▶ **WHAT IS REQUIRED**
The records below must be repeated exactly, but without their pictures.

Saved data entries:
=== Section Start ===
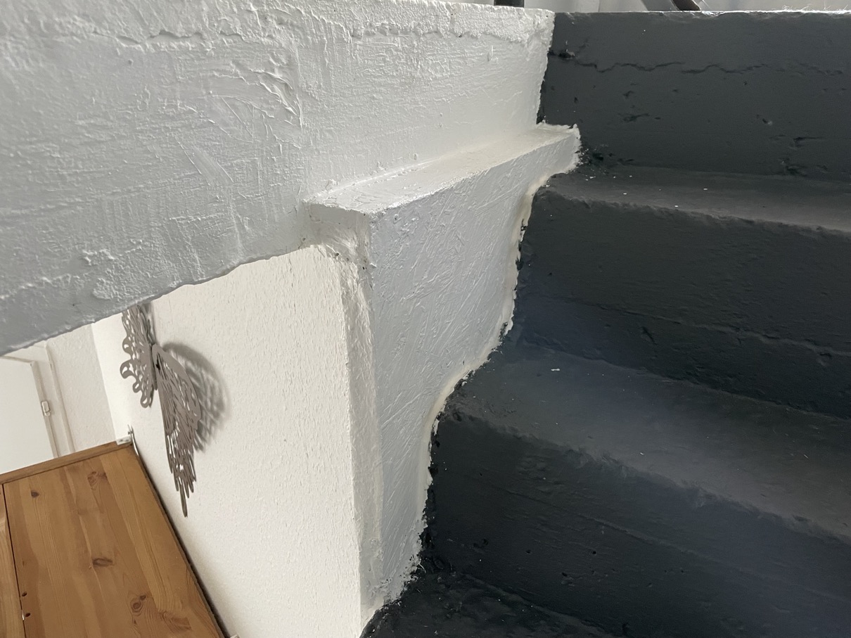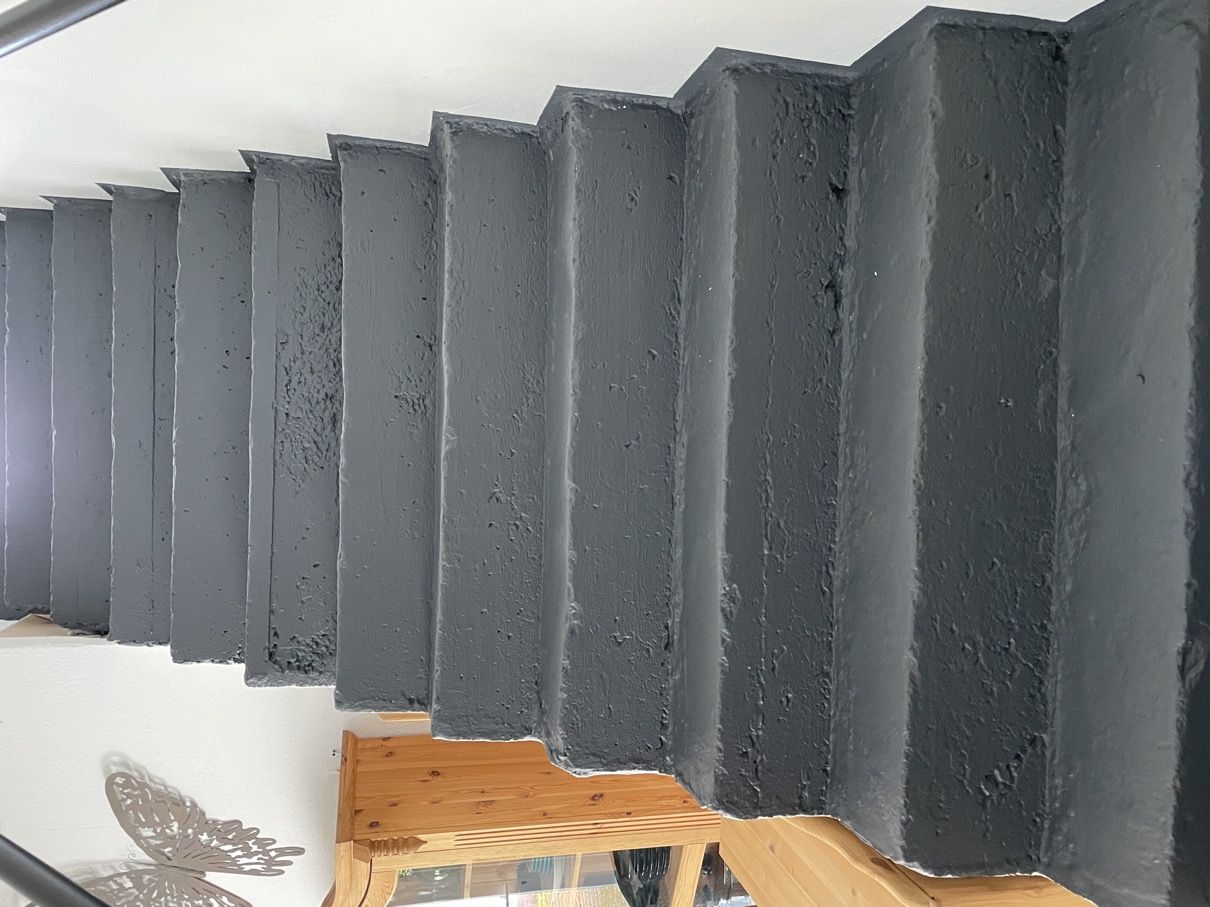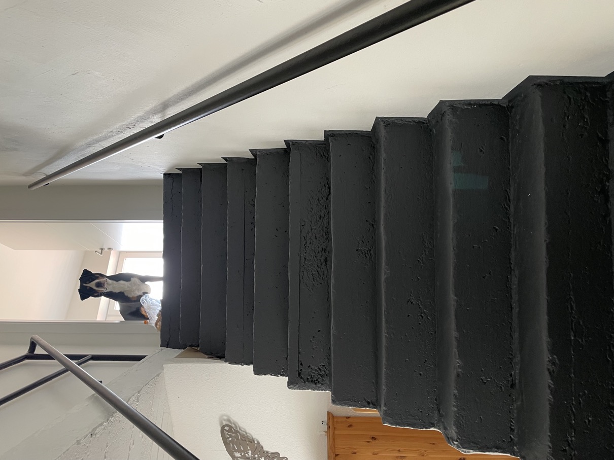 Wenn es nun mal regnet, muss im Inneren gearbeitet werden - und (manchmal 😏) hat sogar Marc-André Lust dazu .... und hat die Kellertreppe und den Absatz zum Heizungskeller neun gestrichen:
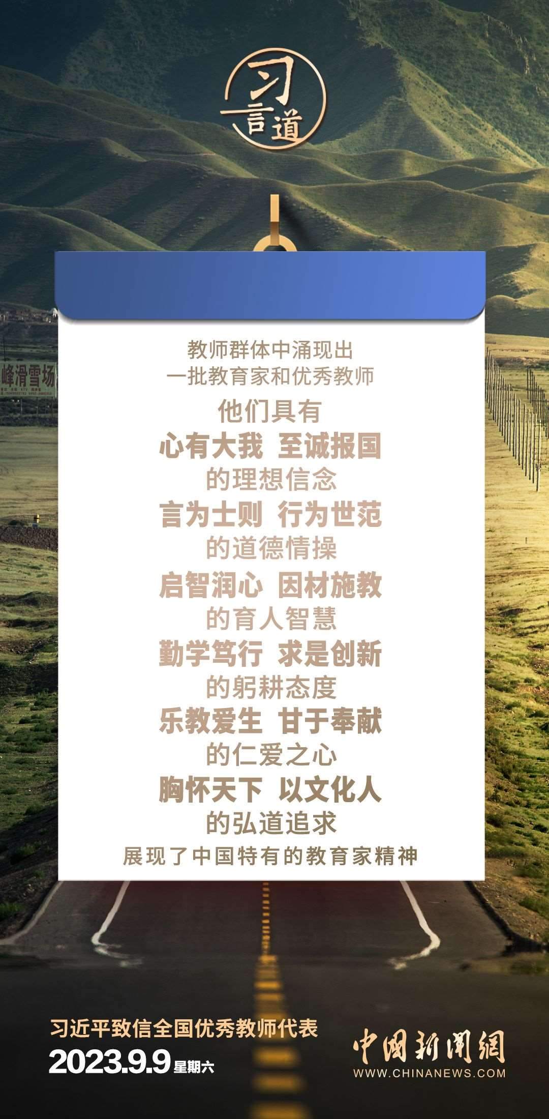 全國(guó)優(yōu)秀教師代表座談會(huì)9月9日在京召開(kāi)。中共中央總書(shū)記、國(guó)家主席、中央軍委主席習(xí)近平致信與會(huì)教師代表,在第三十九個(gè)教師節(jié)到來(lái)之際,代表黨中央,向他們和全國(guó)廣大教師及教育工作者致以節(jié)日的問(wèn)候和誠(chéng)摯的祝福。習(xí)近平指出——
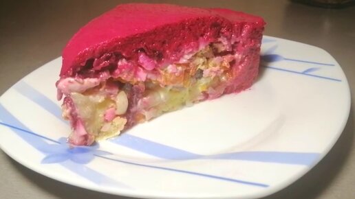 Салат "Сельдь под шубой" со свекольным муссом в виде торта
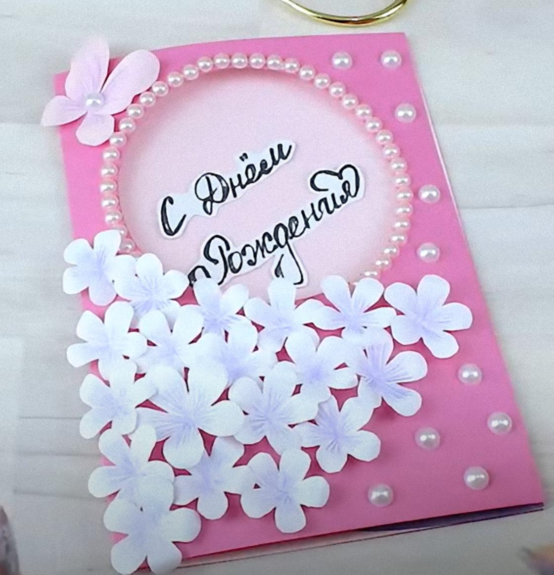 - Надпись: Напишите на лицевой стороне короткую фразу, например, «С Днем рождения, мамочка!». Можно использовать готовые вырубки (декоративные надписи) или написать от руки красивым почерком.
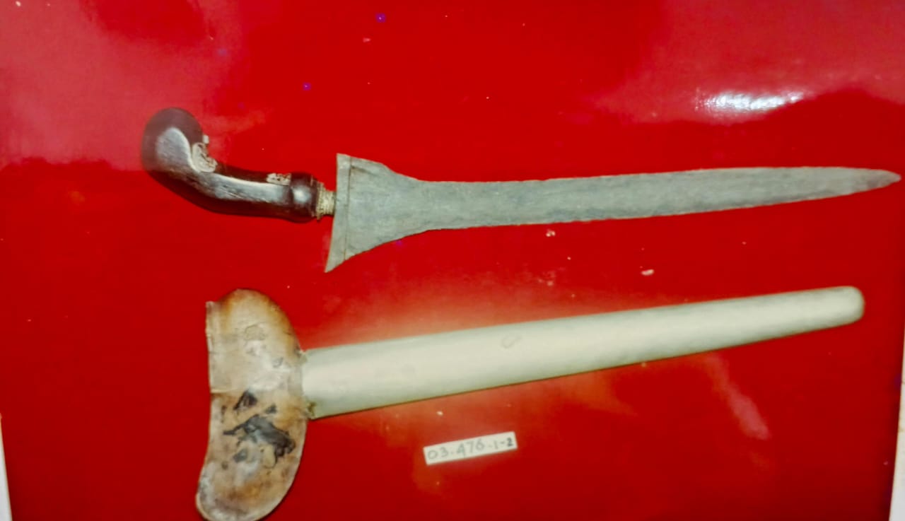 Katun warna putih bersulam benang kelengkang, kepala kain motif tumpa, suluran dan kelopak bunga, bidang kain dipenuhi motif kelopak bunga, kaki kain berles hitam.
=== Section End ===
▶ **ANSWER BOX**
 Wenn es nun mal regnet, muss im Inneren gearbeitet werden - und (manchmal 😏) hat sogar Marc-André Lust dazu .... und hat die Kellertreppe und den Absatz zum Heizungskeller neun gestrichen:
 全國(guó)優(yōu)秀教師代表座談會(huì)9月9日在京召開(kāi)。中共中央總書(shū)記、國(guó)家主席、中央軍委主席習(xí)近平致信與會(huì)教師代表,在第三十九個(gè)教師節(jié)到來(lái)之際,代表黨中央,向他們和全國(guó)廣大教師及教育工作者致以節(jié)日的問(wèn)候和誠(chéng)摯的祝福。習(xí)近平指出——
 Салат "Сельдь под шубой" со свекольным муссом в виде торта
 - Надпись: Напишите на лицевой стороне короткую фразу, например, «С Днем рождения, мамочка!». Можно использовать готовые вырубки (декоративные надписи) или написать от руки красивым почерком.
 Katun warna putih bersulam benang kelengkang, kepala kain motif tumpa, suluran dan kelopak bunga, bidang kain dipenuhi motif kelopak bunga, kaki kain berles hitam.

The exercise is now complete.